I have taken this from a scientific paper I wich that helps you ^_^:
SDRs are the neocortically inspired data structure used in HTMs; they represent neurons and their state by means of a binary vector. For such a vector to be an SDR, only a small percentage, typically two percent, of its entries should be active (i.e., set to one). This is based on the fact that the relative number of neurons that are active in the neocortex at any given time is low. SDRs encode the semantic meaning of the data and have some valuable properties such as fault and noise tolerance, can be easily compressed, and the semantic similarity between two inputs can be quickly determined via a bit comparison, among others .

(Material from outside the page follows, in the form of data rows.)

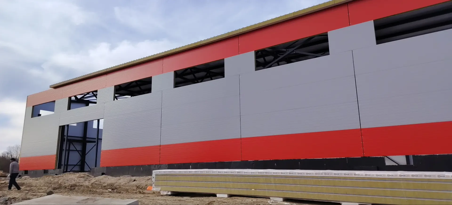 Мы начали с подготовки стройплощадки и устройства временных дорог. Далее изготовили фундамент здания ( ФМ и цоколь ) , далее были смонтарованы металлокаркас и сэндвич-панели. 21.04.206 г начинаем устройство ЖБ плиты здания ( 1440 м2 ).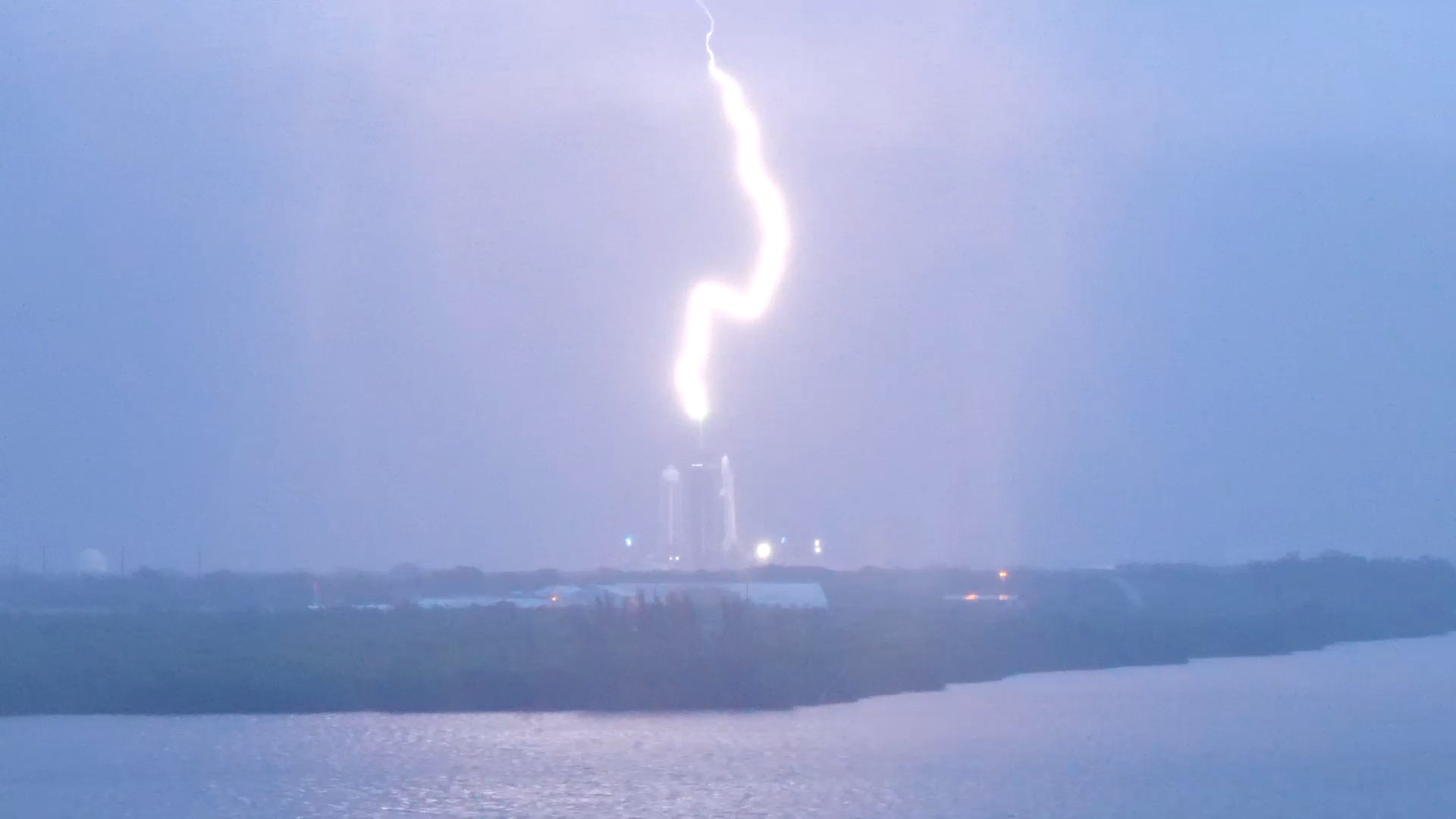 Pad 39A, where the Falcon Heavy was awaiting launch, just took a strike to its lightning mast. The bad weather has delayed the launch at least 24 hours.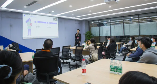 随后的交流互动环节,巨量引擎的金宏强老师带我们“深入抖音”,感受“企业文化、视频经济、人工智能”三大思想的碰撞。跟我们详细讲解了抖音的商业模式创新及未来布局,提到了近两年非常流行的直播带货,怎样以互联网思维去介入到实体经济中去,目前的直播带货主要有两种模式“人带货”或者“货带人”。最后工作人员针对于学生身份讲述了如何“玩”好抖音,如何进行抖音变现。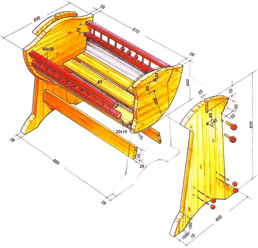 I dag er det detaljerte tegninger på internett med dimensjonene til forskjellige design for baby senger. Å ha minimale ferdigheter og ha et stort ønske om å behage barnet ditt, kan du lage en unik sovesofa med egne hender.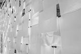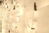 Empty bulletin board. The paper hangs on paper clips.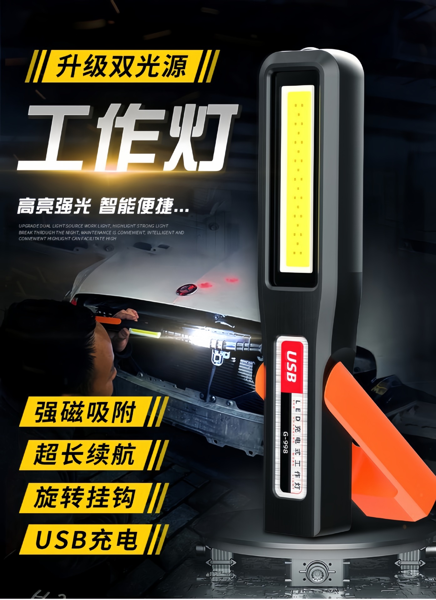 슈퍼 밝은 작업 조명 자동 수리 및 유지 보수 조명 led 자기 강한 빛 자동차 수리 및 유지 보수 조명 손전등 충전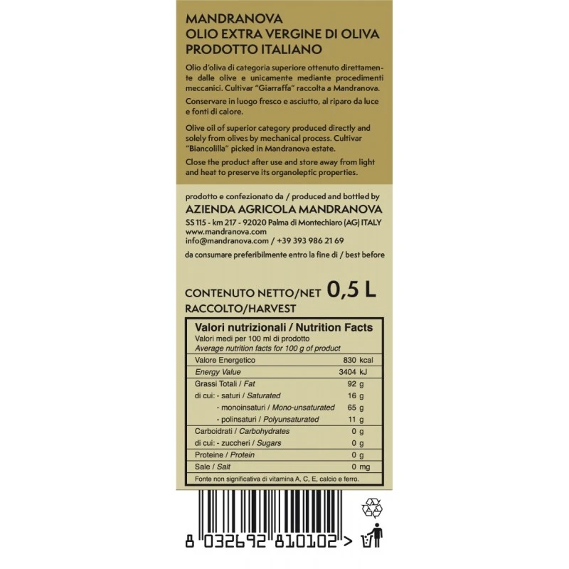 The Extra virgin olive oil Giarraffa Mandranova to the aroma is subtle and harmonious, with hints of lettuce, basil and marjoram. In the mouth it is soft and smooth with hints of white apple, lettuce and basil. Sweet, with spicy notes.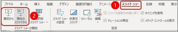 ①「スライドショー」タブを選択します。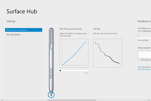 Nel dettaglio la nuova Surface Hub permette di gestire la sensibilità della punta, facendo scegliere all’utente la quantità di pressione necessaria: regolando la curva di sensibilità è quindi possibile impostare una maggiore o minore risposta, in base alle singole preferenze.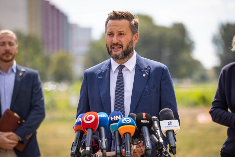 Primátor Bratislavy Matúš Vallo počas tlačového brífingu na tému: Aktuálne informácie súvisiace s električkovou traťou v úseku Bosákova - Janíkov dvor v bratislavskej Petržalke. Bratislava, 9. august 2022. Foto: SITA/Jana Birošová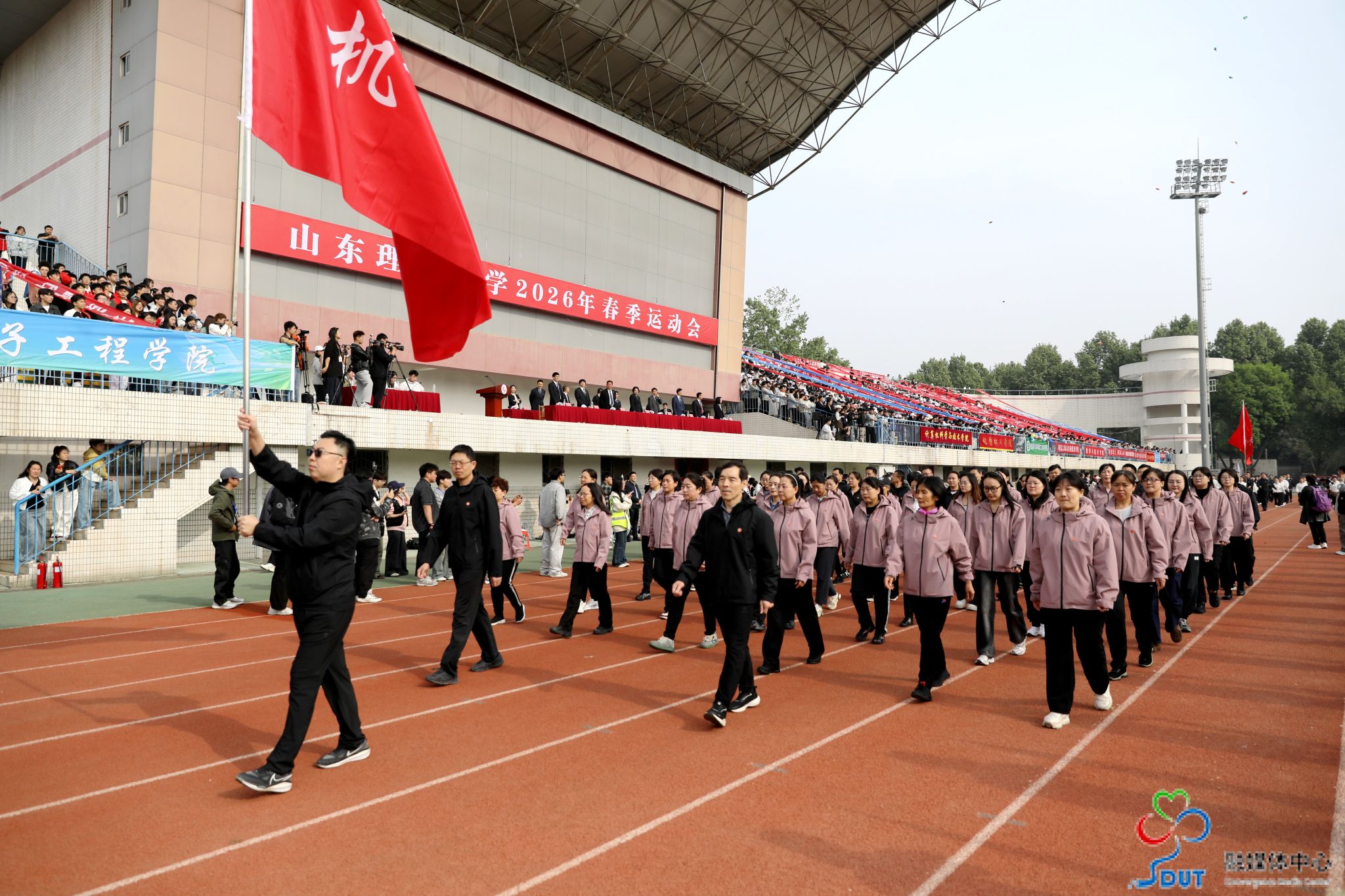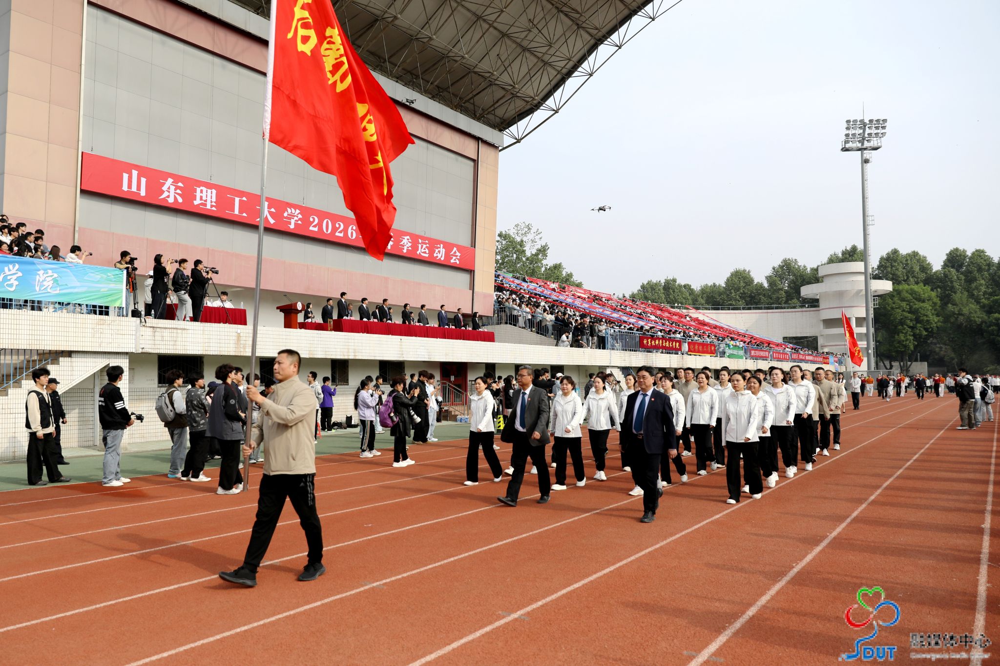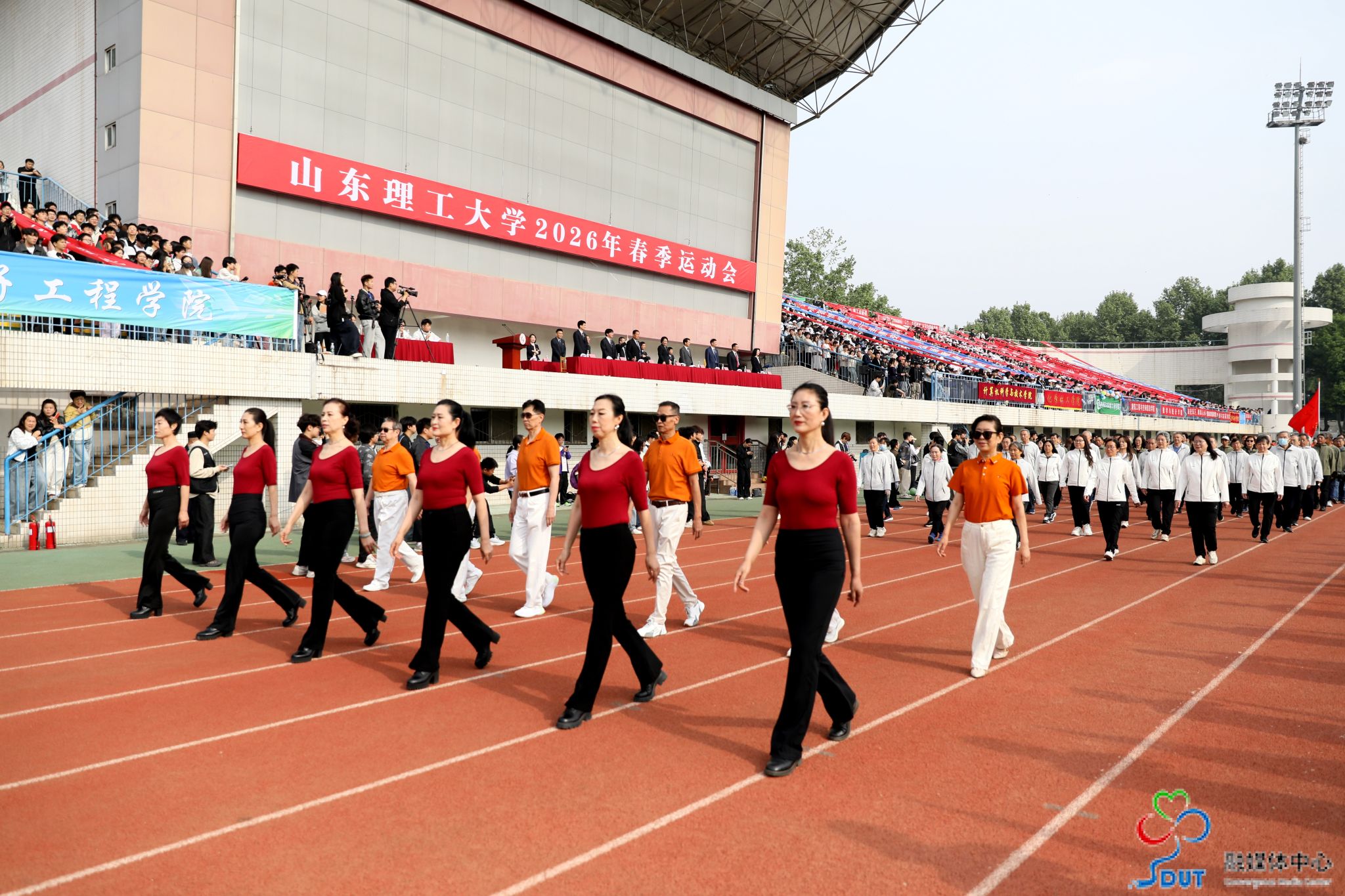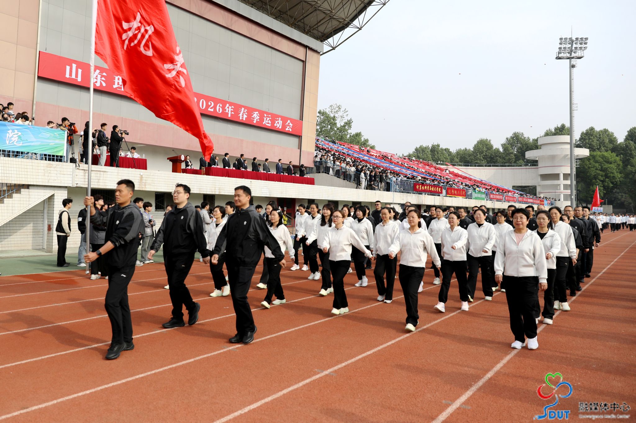 本网讯 草长莺飞,春和景明。4月23日上午,学校2026年春季运动会在西校区中心体育场隆重开幕,校领导李玉霞、苏守波、杜方岭、郭庆兵、陈盛伟、崔焕勇、陈靖、庞秋香及大会主席团成员出席开幕式并在主席台就座。开幕式由党委常委、副校长,学校体育运动委员会主任陈靖主持。

Transforming input data (It ) such as scalar values, dates, and categorical values into binary arrays (xt ) is achieved by using encoders. They are responsible for determining which entries in the array, or which bits, will be ones and which ones will be zero. This must be done in such a way that the semantic characteristics of the data are captured in its encoding. In this way, encodings for semantically similar data will have a larger number of overlapping bits than dissimilar ones.
Each encoded pattern xt is transformed into an SDR representing a set of neurons arranged in columns by the spatial pooler. For the purpose of this component, all neurons in a column are treated as a unit since it is assumed that all neurons within a column detect identical feedforward input patterns . Similarly to the input binary array, each column can be either active or inactive. Furthermore, the resulting SDR maintains the semantic properties of the input array; that is, SDRs of input arrays that are semantically dissimilar will also be dissimilar and vice versa. This is achieved by assigning each neuron with a set of potential connections (or synapses) to a random subset of the input array. Each potential synapse has a permanence value associated with it and only when this permanence value is greater than a threshold, the synapse is said to be connected. A neuron is then said to be active in the output SDR if the number of connected synapses to active entries in the input array is greater than a threshold. The learning process in the spatial pooler consists on adjusting these permanence values so that the model learns to represent spatial properties of the input data using SDRs in a way in which the semantic properties of the input vector are maintained.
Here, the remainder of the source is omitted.